Guardaron un cordial silencio. Durante un breve período, a Emma le había costado sentirse cómoda con el padre John. Eso había ocurrido tres años atrás, después de que Raphael le contara que el sacerdote había estado en la cárcel.
– Si no te enteras aquí -había dicho-, es muy posible que te lo digan en Cambridge, y prefiero que lo oigas de mi boca. El padre John confesó que había abusado de un par de niños que cantaban en el coro. Ése es el término que emplearon, pero yo dudo que se tratase de una agresión sexual. Lo sentenciaron a tres años de prisión.
– No sé mucho de leyes, pero parece una sentencia excesiva -había opinado Emma.
– No fue sólo por los niños. Un sacerdote de una parroquia vecina, Matthew Crampton, se ocupó de buscar más pruebas contra él y llevó a declarar a tres jóvenes, que acusaron al padre John de barbaridades aún peores. Según ellos, los abusos deshonestos que habían sufrido en la infancia los habían condenado al paro, la infelicidad, la delincuencia y la vida marginal. Mintieron, pero de todas maneras el padre John se declaró culpable. Tenía sus razones.

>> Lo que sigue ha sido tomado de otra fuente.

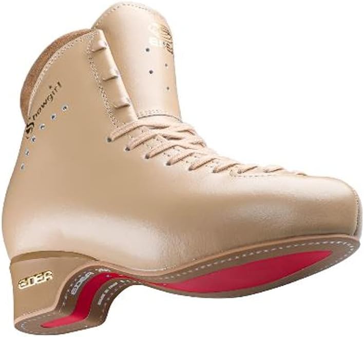 The EDEA ShowGirl Skate is a new take on the traditional Flamenco Ice. The ShowGirl is a beautiful Tan Skate especially designed by Skates U.S. for the rigors of show skating. The EDEA ShowGirl Skate is the Ultimate Skating Boot for Show Skating, High-Level Competitive Ice Dance, Roller Long Figures, and Inline FreeStyle Roller Skating where a great Toe Point is desired. The ShowGirl Skate is made with Revolutionary NEW Ultra Lightweight Materials, which means the ShowGirl Skate is about 25% to 45% lighter than comparable traditional leather Skating Boots. Some of the core features are: The Strength of a Concerto (and also the Flamenco Ice) for the ladies doing strong jumps in Shows; A Low-Cut Back with a Tan Cuff that is just a couple of millimeters taller than the standard Flamenco Ice for that extra strength and support for jumping, while especially allowing a wonderful toe point while being incredibly comfortable; The anatomically shaped Memory Foam padding will remember your foot, provide support and especially deliver comfort; The Tongue is like the Concerto in strength, padding, and feeling; The EDEA ShowGirl Skate, like all EDEA skates, are very comfortable and lightweight and use the Thermoformable Structure for support and strength. The EDEA ShowGirl Skate can be “Custom Shaped” for that perfect fit, by qualified Skates U.S.- EDEA Dealers or Skates U.S. directly; The unique EDEA Footbed is torsionally rigid but with just a bit of vertical compression, that creates a lower center of gravity in the Skate, creating a lower displacement which greatly increases stability and control. The Footbed and bottom cover will not absorb moisture and WILL Securely hold the special EDEA screws, mounting the Ice Blades; That Great Italian Design with a twist to a passionate Red inlaid waterproof Sole and imbedded crystals, both on the side and in the arch of the Red Sole for that beautiful, functional, and adds that final touch of elegance.
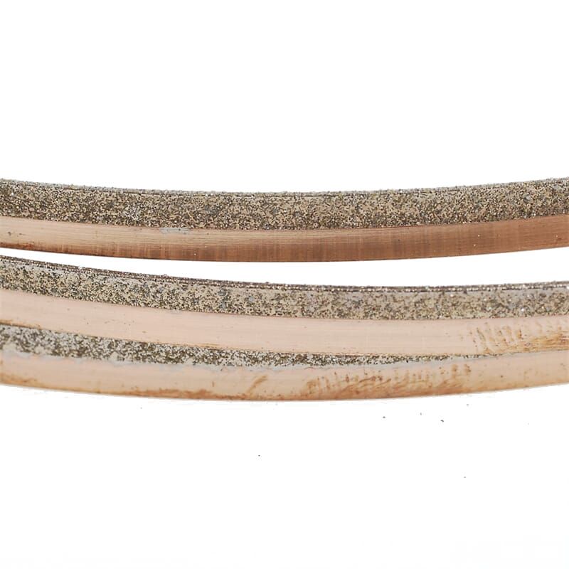 Diamond-coated bandsaw blade designed for cutting hard and brittle materials such as stone, ceramic, glass, and GRP on Proxxon bandsaws.
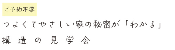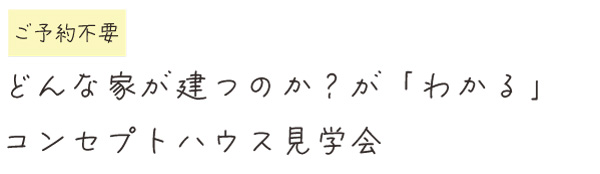 本イベントの“構造の見学会” “コンセプトハウスの見学会”はご予約なしでご見学いただけます。
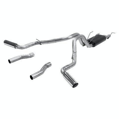 Force II Cat Back System; Dual; Dual Side Exit; Incl. 3 in. Tubing/50 Series™ HD Muffler/4 in. Polished Stainless Tip; 409 Stainless Steel;
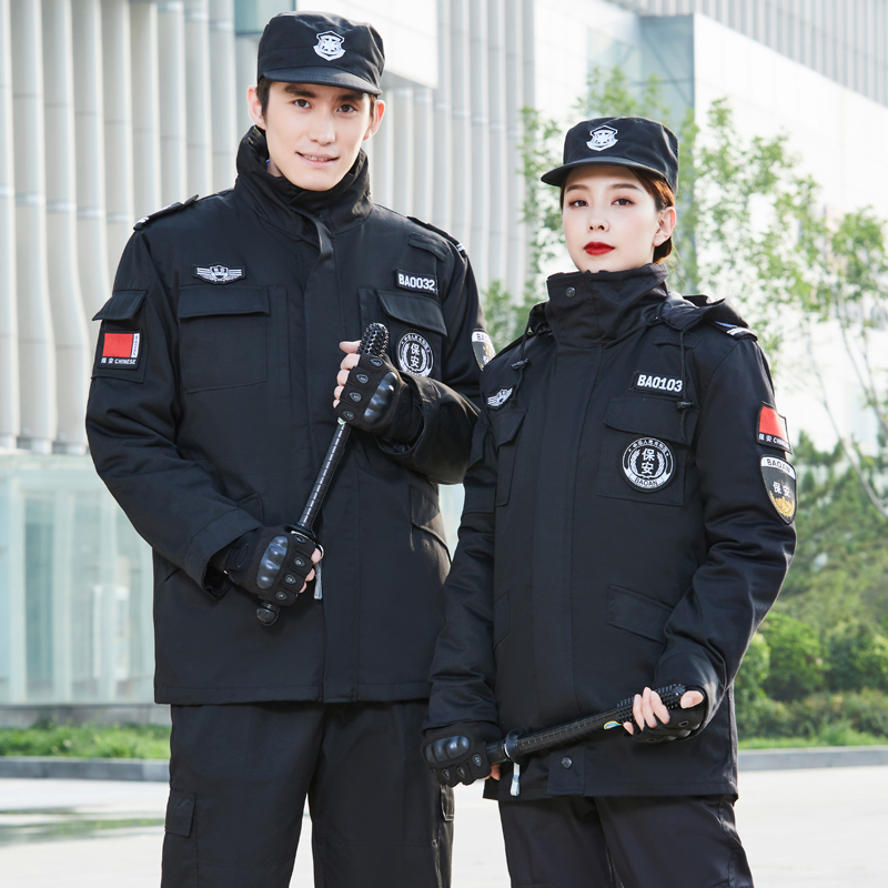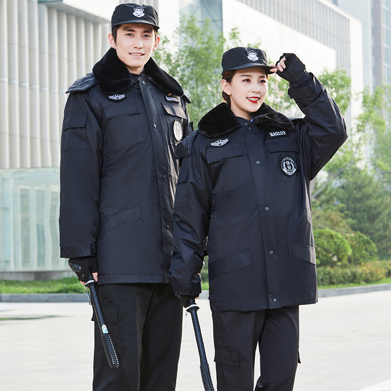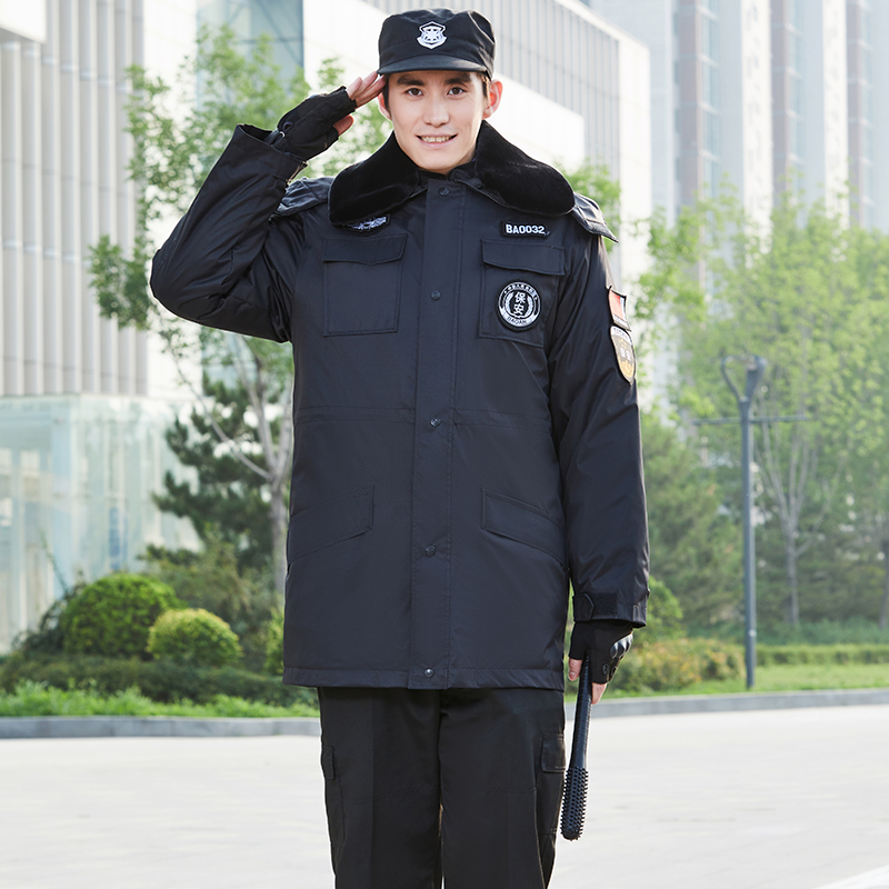 棉服中长款 服装 防寒服加厚棉衣安保 大衣男保安冬季 保安工作服冬装

Aunque no estaba segura de compartir la fe de Raphael en la inocencia del padre John, Emma sentía una profunda compasión por él. Parecía un hombre aislado en un mundo propio, empeñado en proteger el núcleo de una personalidad vulnerable, como si llevase en su interior un objeto frágil, susceptible de quebrarse con la menor sacudida. Siempre se mostraba cortés y afable, y Emma sólo había atisbado su íntima angustia en las pocas ocasiones en que lo había mirado a los ojos; entonces había tenido que volver la cabeza. Quizás él también llevara una carga de culpa. En parte, Emma habría preferido que Raphael no le hubiese contado nada. No acertaba a imaginar la vida del sacerdote en la cárcel. ¿Qué clase de hombre se sometería por propia voluntad a ese infierno?, se preguntó. Y su vida en Saint Anselm no debía de ser fácil. Ocupaba un apartamento privado en la tercera planta, con una hermana soltera que, con un poco de benevolencia, podría calificarse de excéntrica. Aunque en las escasas ocasiones en que los había visto juntos Emma había notado que el padre John adoraba a la mujer, quizás el amor no significase para él un consuelo, sino una carga adicional.